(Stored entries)
------------------------------------------------------------

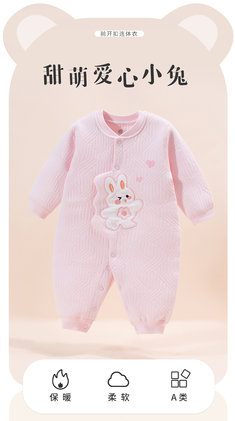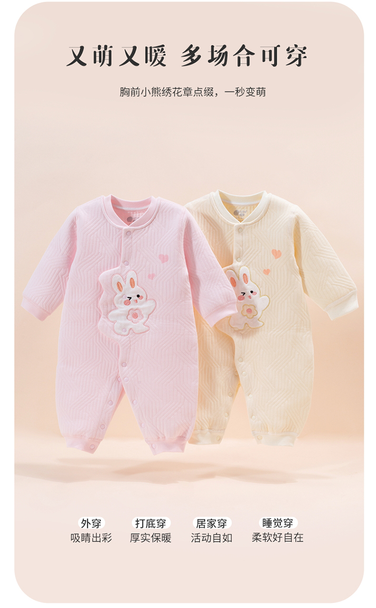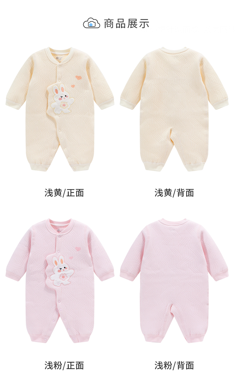 贝贝怡春秋婴儿连体衣新生儿满月百天服男女宝宝夹棉保暖哈衣爬服224L2024
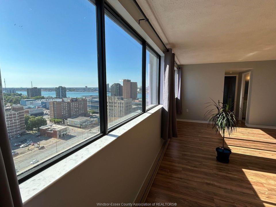WINDOWS PROVIDE BEAUTIFUL VIEWS OF THE CITY, THE DETROIT SKYLINE, RIVER, AND AMBASSADOR BRIDGE. FRESHLY PAINTED AND
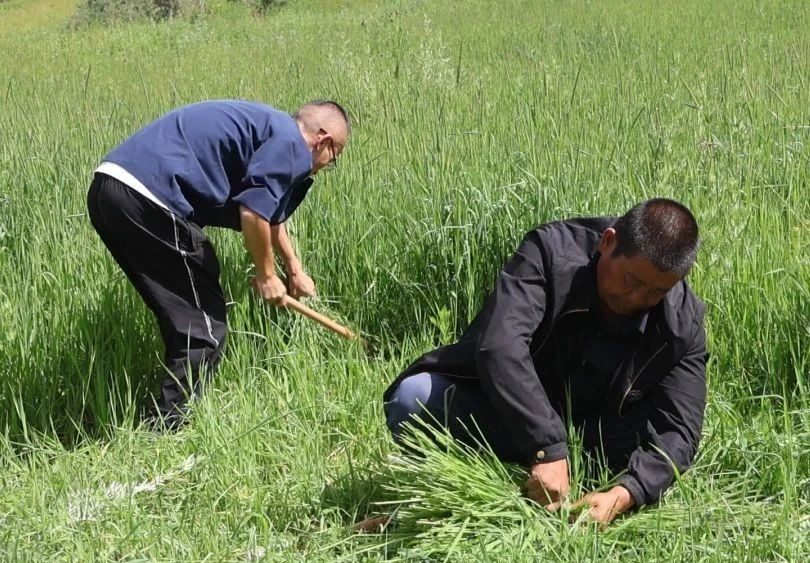 正值猫尾草收割的黄金时节,头茬猫尾草迎来开镰收割,甘肃省漳县贵清山镇的田间地头一派繁忙景象。
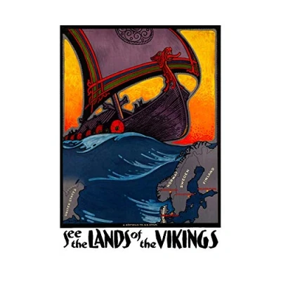 Wee Blue Coo Travel Scandinavia Viking Longship Wave Sea Sail USA Wall Art Print
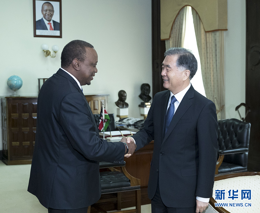 會(huì)見肯雅塔時(shí),汪洋首先轉(zhuǎn)達(dá)了習(xí)近平主席的親切問候和良好祝愿。汪洋說,2017年5月習(xí)近平主席和總統(tǒng)閣下共同將中肯關(guān)系提升為全面戰(zhàn)略合作伙伴關(guān)系,為兩國(guó)關(guān)系未來發(fā)展指明了方向。此次訪問我充分感受到肯經(jīng)濟(jì)社會(huì)的蓬勃發(fā)展和中肯友好交往的強(qiáng)勁勢(shì)頭,中肯合作已成為中非合作的典范。今年是中肯建交55周年,雙方應(yīng)進(jìn)一步深化兩國(guó)政治互信,加強(qiáng)發(fā)展戰(zhàn)略對(duì)接,在涉及彼此核心利益的重大關(guān)切問題上更加堅(jiān)定地相互支持,推進(jìn)更寬領(lǐng)域、更高水平務(wù)實(shí)合作,密切在國(guó)際和地區(qū)事務(wù)中的協(xié)調(diào)配合。今年9月中非合作論壇北京峰會(huì)將宣布引領(lǐng)新時(shí)代中非合作的新舉措,促進(jìn)中非在更高水平上實(shí)現(xiàn)合作共贏、共同發(fā)展,歡迎總統(tǒng)閣下出席,共襄中非友好盛舉。
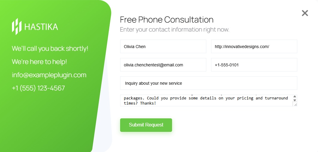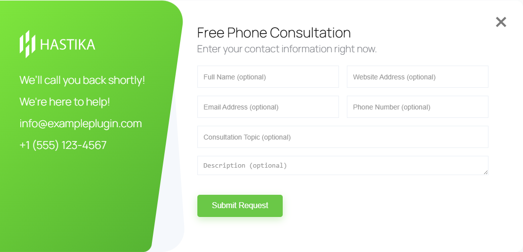 By activating this plugin on your WordPress site, an attractive and customizable consultation call button will appear on the screen. Users can click on it to fill out a call request form and submit their contact information. This allows you or your support team to contact them as soon as possible.

------------------------------------------------------------

§ **What you should do**
After locating "WINDOWS PROVIDE BEAUTIFUL" and "Wee Blue Coo" in the records above, return exactly the line holding each one and every line between them; leave out the pictures.

§ **Answer section**
WINDOWS PROVIDE BEAUTIFUL VIEWS OF THE CITY, THE DETROIT SKYLINE, RIVER, AND AMBASSADOR BRIDGE. FRESHLY PAINTED AND
 正值猫尾草收割的黄金时节,头茬猫尾草迎来开镰收割,甘肃省漳县贵清山镇的田间地头一派繁忙景象。
 Wee Blue Coo Travel Scandinavia Viking Longship Wave Sea Sail USA Wall Art Print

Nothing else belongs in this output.